TASK OBJECTIVE: Could you repeat the data word for word while skipping the pictures?

PROVIDED MATERIAL:
════

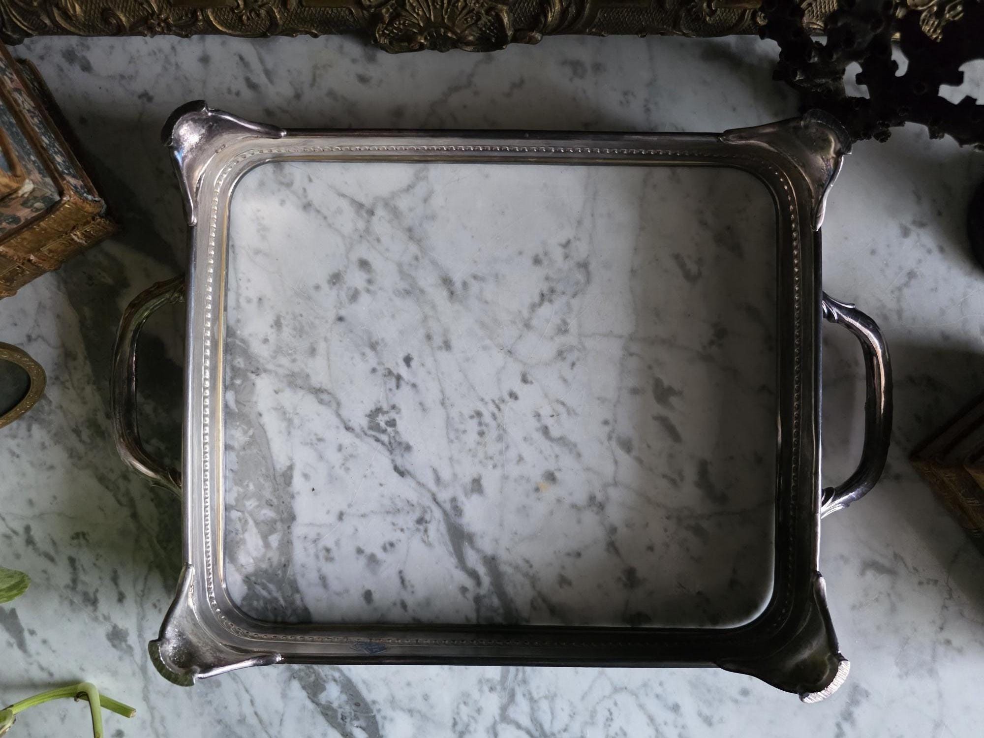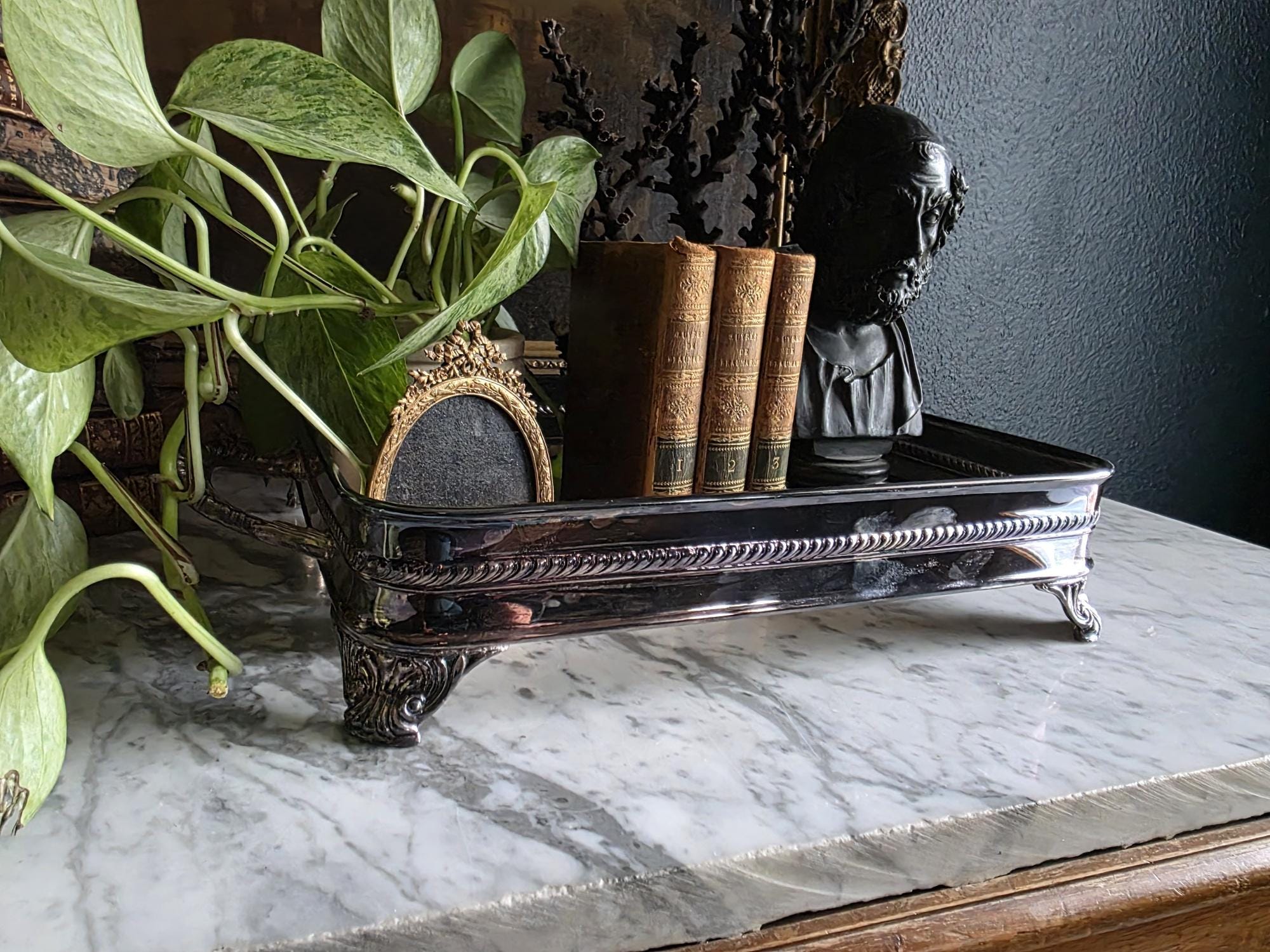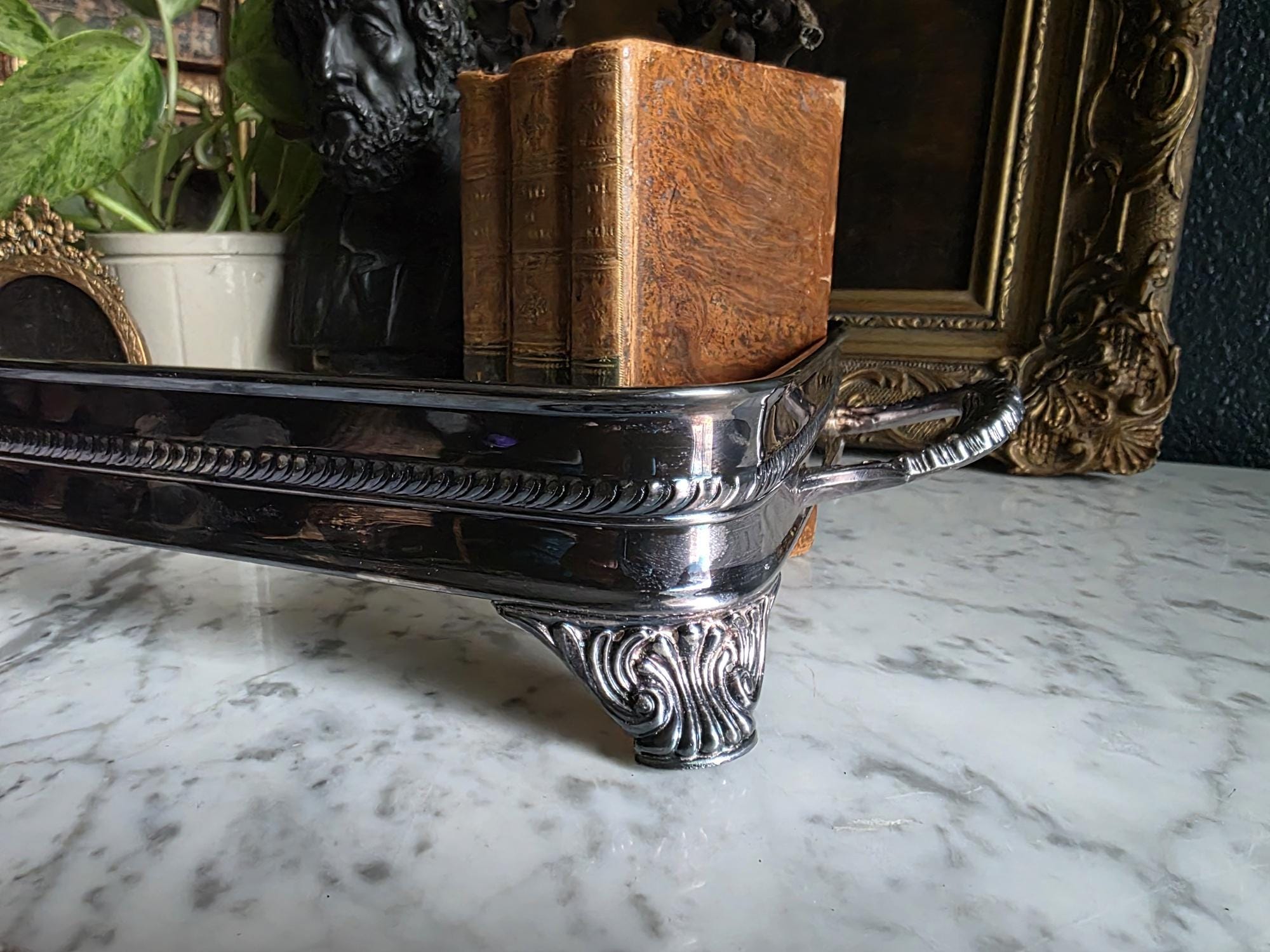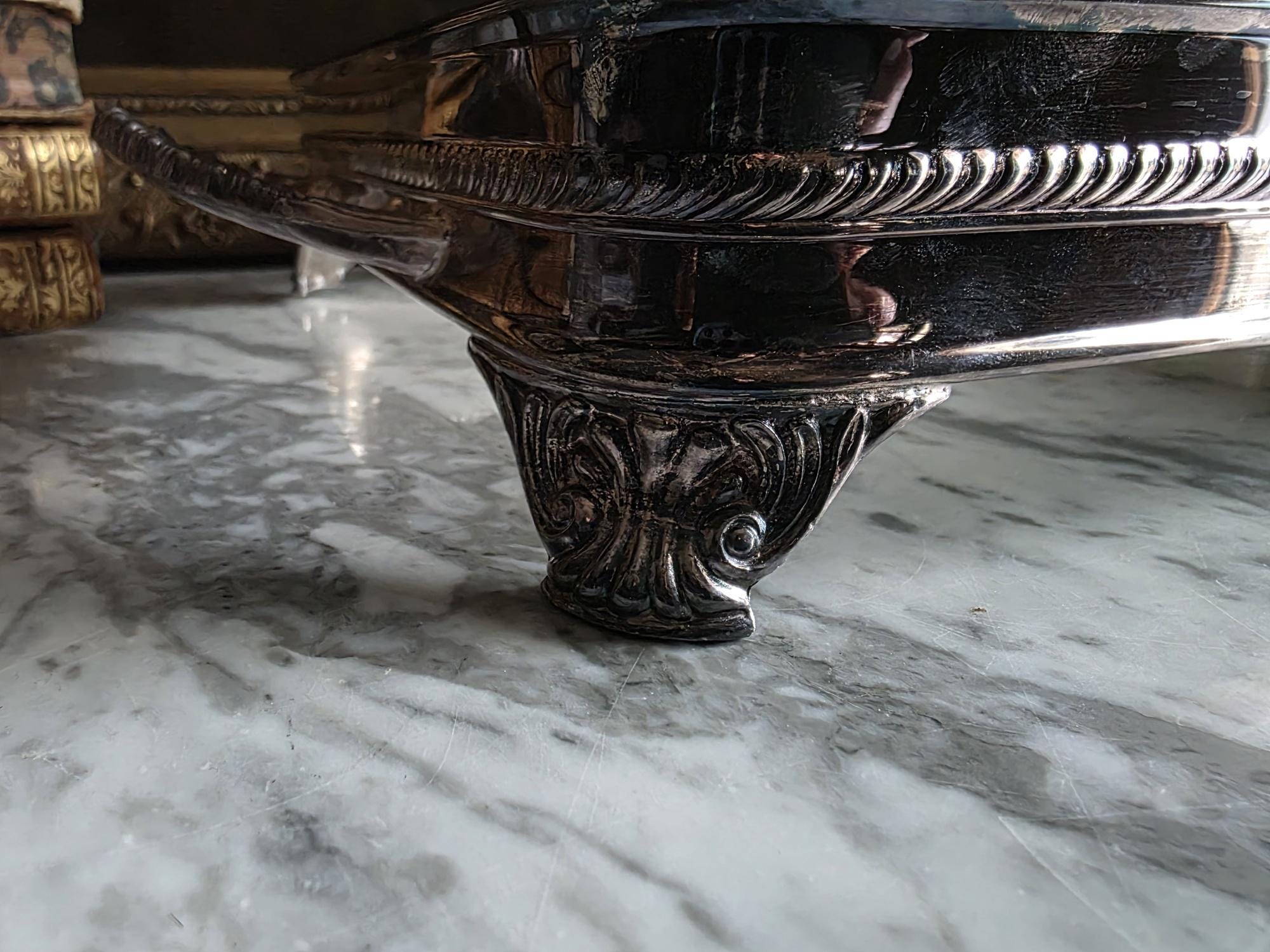 This vintage silver plate casserole dish holder by the renowned F.B. Rogers Silver Co. serves as a classic example of mid-century elegance, even retaining its original blue and silver foil manufacturer's label. Distinguished by its sleek, solid gallery, the frame is bordered by a sophisticated rope-twist (gadroon) trim that adds a timeless, traditional texture. It rests on four heavy, cast acanthus scroll feet that provide a stately, elevated profile, while the ornate handles allow for easy transport. The silver plate is in bright, polished condition with a mirror-like finish that beautifully reflects its surroundings, a stark contrast to more heavily patinated pieces. While designed to cradle a standard rectangular baking dish, its enclosed form and substantial weight make it exceptionally versatile as a chic catchall tray for an entryway, a distinct base for a bar display, or a luxurious holder for guest towels in a powder room.
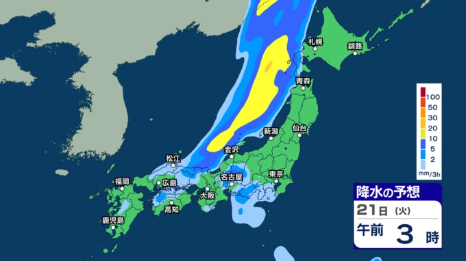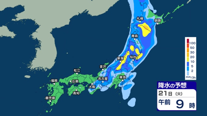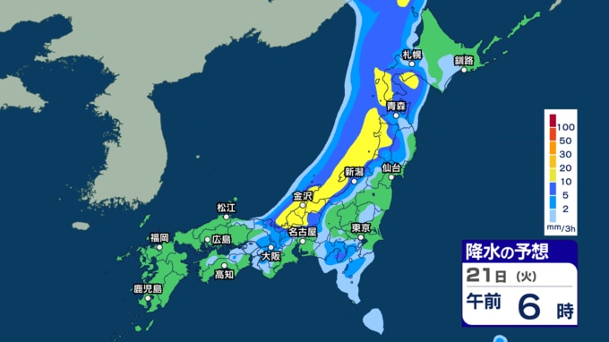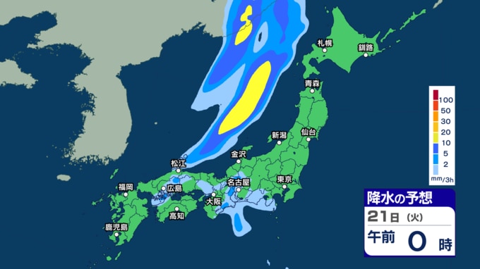 【 今後の雨 】西日本で雷を伴う激しい雨の所も 週後半の23~24日は各地で雨強まり西日本では警報級大雨の恐れ【20日(月)~24日(金)の雨シミュレーション・19日午後9時更新】 新潟放送 2026年4月19日(日) 21:00 21日(火)の雨のシミュレーション
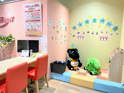 ご相談スペースのすぐそばにお子様のキッズスペースがございます♪同フロアの赤ちゃんルームもご利用いただけます☆

════

RESULT FOR THIS EXERCISE:
 This vintage silver plate casserole dish holder by the renowned F.B. Rogers Silver Co. serves as a classic example of mid-century elegance, even retaining its original blue and silver foil manufacturer's label. Distinguished by its sleek, solid gallery, the frame is bordered by a sophisticated rope-twist (gadroon) trim that adds a timeless, traditional texture. It rests on four heavy, cast acanthus scroll feet that provide a stately, elevated profile, while the ornate handles allow for easy transport. The silver plate is in bright, polished condition with a mirror-like finish that beautifully reflects its surroundings, a stark contrast to more heavily patinated pieces. While designed to cradle a standard rectangular baking dish, its enclosed form and substantial weight make it exceptionally versatile as a chic catchall tray for an entryway, a distinct base for a bar display, or a luxurious holder for guest towels in a powder room.
 【 今後の雨 】西日本で雷を伴う激しい雨の所も 週後半の23~24日は各地で雨強まり西日本では警報級大雨の恐れ【20日(月)~24日(金)の雨シミュレーション・19日午後9時更新】 新潟放送 2026年4月19日(日) 21:00 21日(火)の雨のシミュレーション
 ご相談スペースのすぐそばにお子様のキッズスペースがございます♪同フロアの赤ちゃんルームもご利用いただけます☆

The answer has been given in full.